**Your objective**: Would you return the listing exactly as written, apart from its pictures?

**The input**:
○ ○ ○ ○ ○
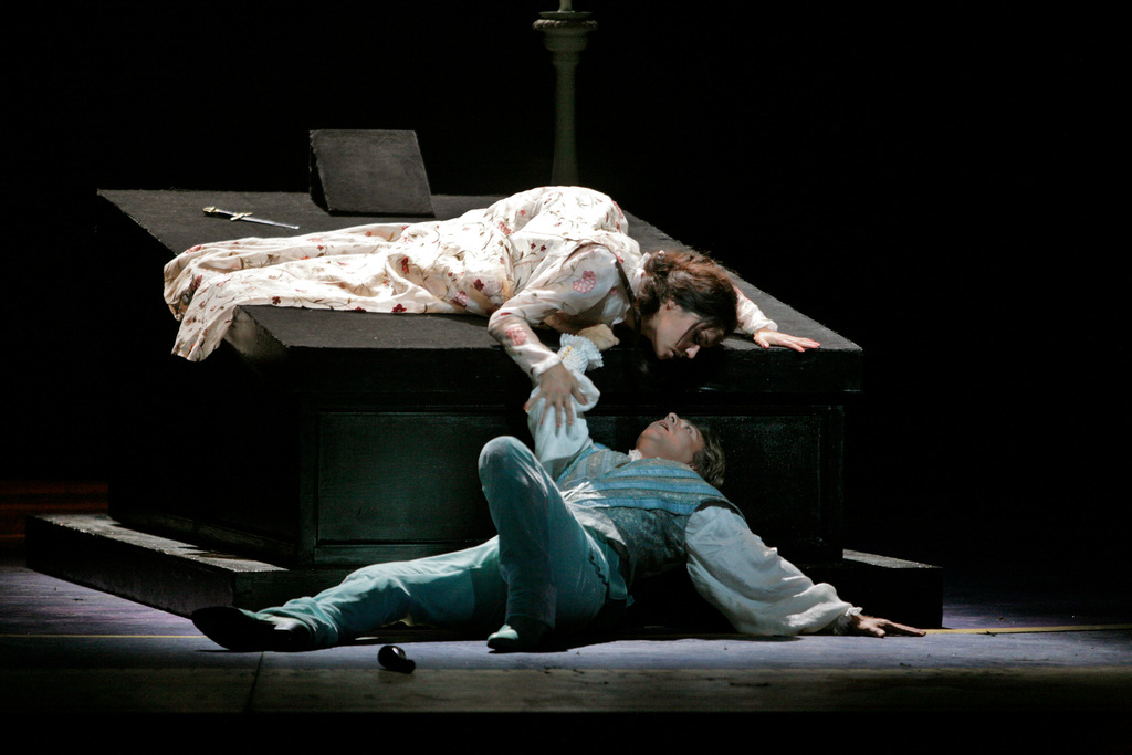 Но лично для меня наиболее сильный эффект живого восприятия связан с премьерой в Венской государственной опере в декабре 2002 года с очаровательной итальянкой Стефанией Бонфаделли, которая как-то поразительно быстро после этого исчезла из поля зрения мирового сообщества, и Нилом Шикоффом, который на тот момент давно уже перемахнув возраст Ромео, всё еще находился в потрясающей вокальной форме, поражая высочайшей культурой пения и поистине врожденным чувством музыкального стиля.
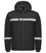 - Glugă detașabilă, reglabilă în două moduri: cu șnur în față și cu un sistem de vizor (vire) la spate.
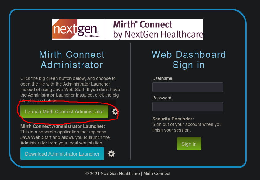 Clicking the “Launch Mirth Connect Administrator” button downloads a webstart.jnlp file.
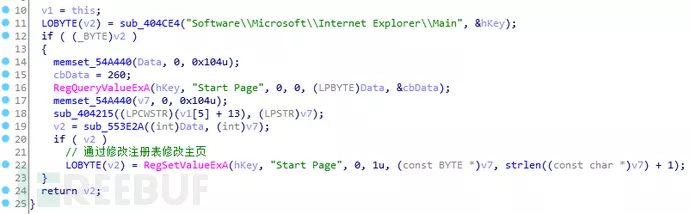(2)其次,在core.dat核心功能模块中,通过修改注册表的方式篡改用户主页:
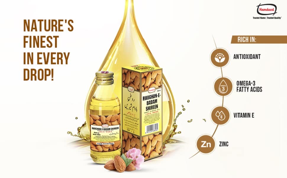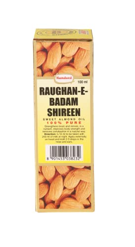 Almond oil had been used extensively for its health benefits and as a beauty aid much before science caught up with its goodness. Its purity is something you can trust with your eyes closed. The sweet almond oil has all your health and beauty secrets packed in a bottle and comes exclusively from edible almonds is selectively cultivated for their sweet taste. It is the oil popularly used for skin and hair care. It has many culinary uses too. Rogan badam shirin a sweet almond oil it's perfect health goof for heart fight dandruff nourishes skin prenatal/postnatal care.
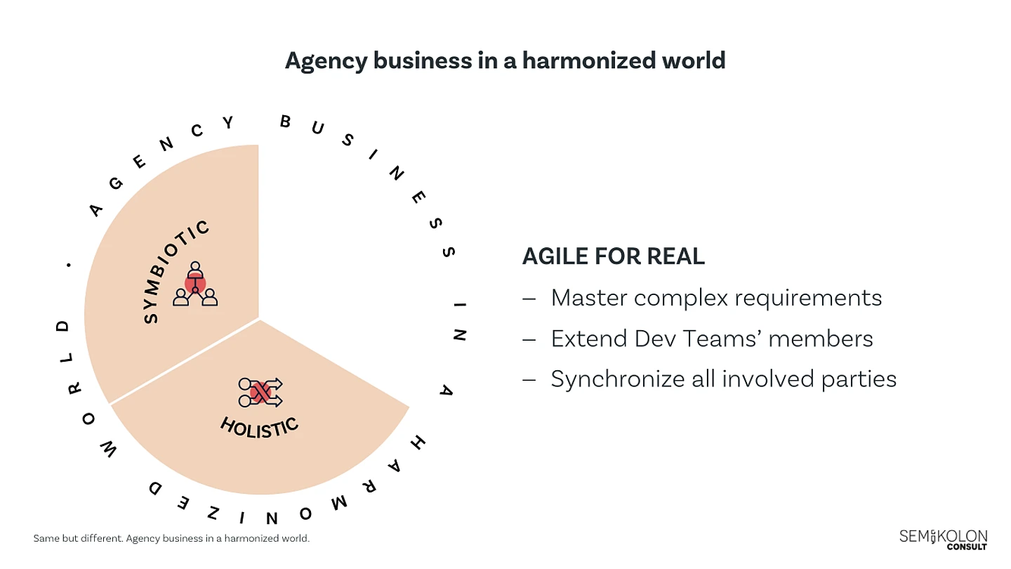 This is all well and good, but how can agencies reach and sustain this state of connectivity and flexibility? Steffen and Kathrin presented a plan for advertising or digital agencies that relies on three fundamental pillars.
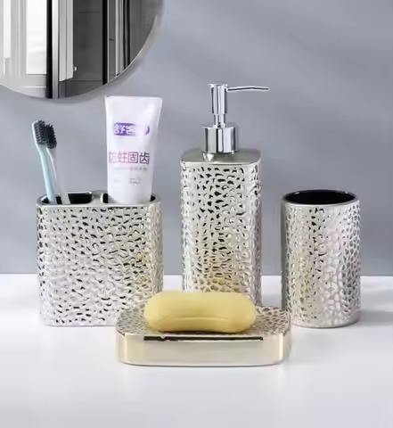 Luxury Interior Metal Bathroom Set With Toothbrush Holder And Soap Dispenser
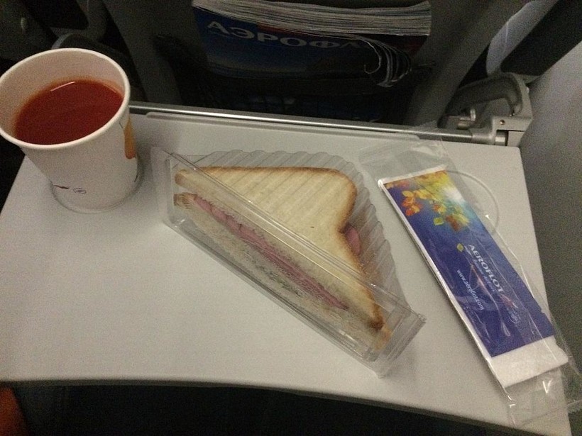 Вкусные бутерброды! Вообще, еда на рейсах Аэрофлота достаточно хорошего качества. Но за эти сандвичи с ветчиной отдельное спасибо, потому что проспали, чуть не опоздали на рейс и не позавтракали.
○ ○ ○ ○ ○
**Solution to the exercise**:
 Но лично для меня наиболее сильный эффект живого восприятия связан с премьерой в Венской государственной опере в декабре 2002 года с очаровательной итальянкой Стефанией Бонфаделли, которая как-то поразительно быстро после этого исчезла из поля зрения мирового сообщества, и Нилом Шикоффом, который на тот момент давно уже перемахнув возраст Ромео, всё еще находился в потрясающей вокальной форме, поражая высочайшей культурой пения и поистине врожденным чувством музыкального стиля.
 - Glugă detașabilă, reglabilă în două moduri: cu șnur în față și cu un sistem de vizor (vire) la spate.
 Clicking the “Launch Mirth Connect Administrator” button downloads a webstart.jnlp file.
(2)其次,在core.dat核心功能模块中,通过修改注册表的方式篡改用户主页:
 Almond oil had been used extensively for its health benefits and as a beauty aid much before science caught up with its goodness. Its purity is something you can trust with your eyes closed. The sweet almond oil has all your health and beauty secrets packed in a bottle and comes exclusively from edible almonds is selectively cultivated for their sweet taste. It is the oil popularly used for skin and hair care. It has many culinary uses too. Rogan badam shirin a sweet almond oil it's perfect health goof for heart fight dandruff nourishes skin prenatal/postnatal care.
 This is all well and good, but how can agencies reach and sustain this state of connectivity and flexibility? Steffen and Kathrin presented a plan for advertising or digital agencies that relies on three fundamental pillars.
 Luxury Interior Metal Bathroom Set With Toothbrush Holder And Soap Dispenser
 Вкусные бутерброды! Вообще, еда на рейсах Аэрофлота достаточно хорошего качества. Но за эти сандвичи с ветчиной отдельное спасибо, потому что проспали, чуть не опоздали на рейс и не позавтракали.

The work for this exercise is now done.